Feeling a little lazy about spending your night on the couch?
It isn't only remarkable that Bennett is still vital, still singing, still playing live shows regularly at a God-bless-him age, but also that he's still doing it so well.
At his sold-out Valentine’s Day concert at Atlanta Symphony Hall, all of the love in the room was directed toward the indefatigable Anthony Dominick Benedetto, standing on stage in his usual dark blue suit, throwing his arms open wide at the end of nearly every song and briskly rolling through an hour of standards with his superb quartet.
This is the third time since 2017 that Bennett has packed the ASO’s venue and it’s impressive that not much has changed.
One of his many nods to Gershwin – “I Got Rhythm” – was filled with frisky solos from guitarist Gray Sargent and bassist Marshall Wood, while “Solitude” spotlighted the distinct phrasing that is one of Bennett’s hallmarks (another is his unfailing gentlemanly presentation).
Nestled in his favorite spot – the crook of the piano under the guidance of musical director Tim Ray – Bennett began many songs as if they were casual conversations, speak-singing the lyrics of Jerome Kern’s “I’m Old-Fashioned” and garnering a laugh with the opening line of Gordon Jenkins’ “This is All I Ask”: “As I approach the prime of my life…”
Bennett and his quartet present a show that starts and ends with the music. Aside from an opening audio clip of Frank Sinatra proclaiming Bennett his favorite singer, there is no production. And excepting instruments and a row of lights accenting the back of the stage, the surroundings are bare.
But there is no need for excessive accoutrements with Wood’s prowling bass line powering Irving Berlin’s “Steppin’ Out” and a fervent audience clapping along and whooping at Bennett’s tiny dance step during “Love is Here to Stay.”
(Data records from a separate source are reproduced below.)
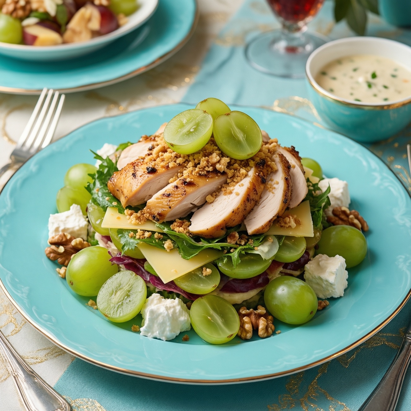 В классическом варианте соус - майонез, и он действительно даёт ту самую "праздничную" кремовую плотность. Но сегодня популярны более лёгкие решения: натуральный йогурт, сметана или смесь йогурта с горчицей и каплей лимонного сока. Такой подход сохраняет узнаваемый вкус, но делает салат менее тяжёлым. Если вы просматриваете салат тиффани с курицей и виноградом рецепт и выбираете вариант для большого стола, соус стоит продумать заранее - именно он "склеивает" ингредиенты в единый ансамбль.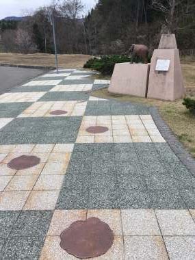 トイレと芝生のみのシンプルなパーキングエリアです。町にナウマンゾウの博物館があることから、ブロンズ像がありました。よく見ると下に象の足跡があったりしてなかなかこっているなと思いました。ドライブ中に休憩するにはキレイな山もすぐ目の前にあり、木が多くて空気もよかったのでいい場所だと思いました。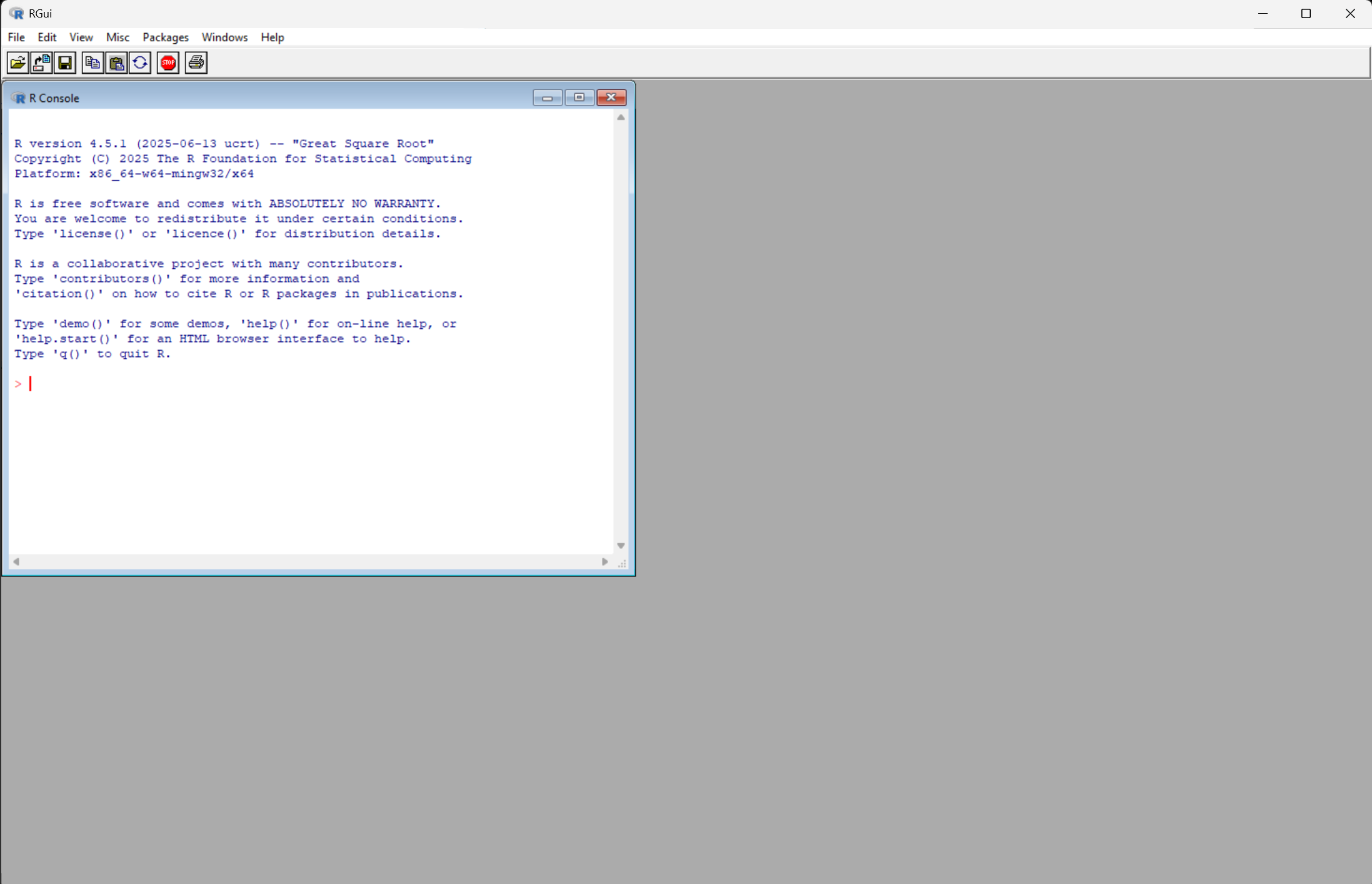 C:\Program Files\R\R-4.x.y\). Click Next on all component screens; the defaults are sensible. - Finish the wizard. A new Start-menu group called R appears. Launch this (see Figure 2.2 (a)) to verify the installation. This minimal interface is unnecessary once RStudio is installed, but opening it confirms that R works. Close it before installing RStudio to avoid conflicts.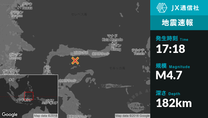 | 震源地 | インドネシアのTilamutaから南西49kmの地点 |
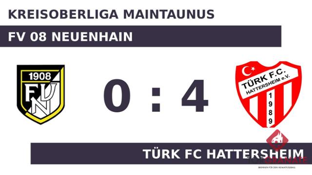 Mario Pavic stellte die Weichen für den Türk FC Hattersheim auf Sieg, als er in Minute sechs mit dem 1:0 zur Stelle war. In der Zeit bis zur Pause fiel kein weiteres Tor, es blieb bei der Führung für die Gäste. Wenig später kamen Frederik Zimmermann und k. A. per Doppelwechsel für Dennis Kreutzmann und k. A. auf Seiten des FV 08 Neuenhain ins Match (54.). Jackie Reljic brachte den Ball zum 2:0 zugunsten des Türk FC Hattersheim über die Linie (55.). Den Vorsprung des Türk FC Hattersheim ließ Lamin Neneh Tamba in der 79. Minute anwachsen. Irfan Kandic vollendete zum vierten Tagestreffer in der 85. Spielminute. Am Schluss siegte der Türk FC Hattersheim gegen den FV 08 Neuenhain.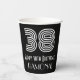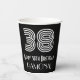 Ce look vintage et Roaring Twenties inspiré par la conception de tasse en papier sur le thème de l'anniversaire, comprend un grand numéro d'apparence art déco inspiré "38", avec le message d'anniversaire "Happy 38th Birthday," et un nom personnalisable. L'arrière - plan est noir de couleur. Les années folles ont inspiré des tasses de papier à thème d’anniversaire comme celle-ci pourraient être utilisées à une fête pour célébrer le 38e anniversaire de quelqu’un. [~Z0000542]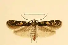 The wingspan is about 9–10 mm. The ground colour of the forewings is yellowish, sprinkled with blackish-grey. The hindwings are grey.[2]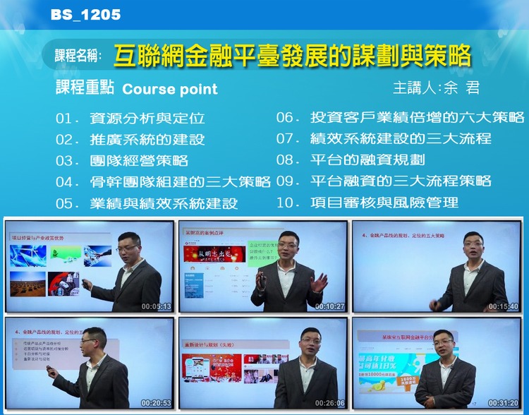 互聯網+時代,互聯網金融體現了發展快,覆蓋廣的特點,然而由於風險管理能力不強,信息安全問題突出,制約了企業的發展。面對這樣的挑戰,企業如何構建自己的金融生態圈?本課程分享了互聯網金融平台發展的謀劃與策略,幫助企業搭建平台模式,實現線上線下有機連接,達成績效與業績的雙重產出。

Credit: Melissa Ruggieri/Atlanta Journal-Constitution
Credit: Melissa Ruggieri/Atlanta Journal-Constitution
Bennett and Ray have also crafted a well-paced set list, one that can sway from a quiet duet between Bennett and Sargent’s jazz guitar on “The Way You Look Tonight” to Wood’s deep bass conveying the sad desperation in Al Durbin’s “Boulevard of Broken Dreams” to the cheerier “The Good Life,” during which Bennett patted the piano with his right hand in rhythm with the song.
Throughout the show, Bennett smashed several big notes, most impressively to cap “The Way You Look Tonight,” which prompted a houselights-up ovation and a genuine reaction from Bennett.
“Thanks for being so good to us tonight,” he said.
Drummer Harold Jones stayed busy with taut cymbal work and intermittent jazz brushes on his snare, but also ably accelerated the pace for the bossa nova “The Shadow of Your Smile” and a late-night-cabaret version of “One for My Baby (And One More For the Road,” the Johnny Mercer gem that didn’t shudder with the melancholy of Sinatra or Streisand, but was presented with a more celebratory air that included Bennett holding up a shot glass as a toast.
Bennett has transcended generations, earned 18 Grammy Awards and a Recording Academy Lifetime Achievement Award, been christened as a Kennedy Center Honoree and sold more than 50 million albums.
He’s even shared a bill with daughter Antonia, as he did again on Friday when she opened the show with a pleasant 15-minute set of standards.
But despite his standing as a singing icon and musical treasure, it is apparent that Bennett’s happiest moments take place whenever his feet hit a stage.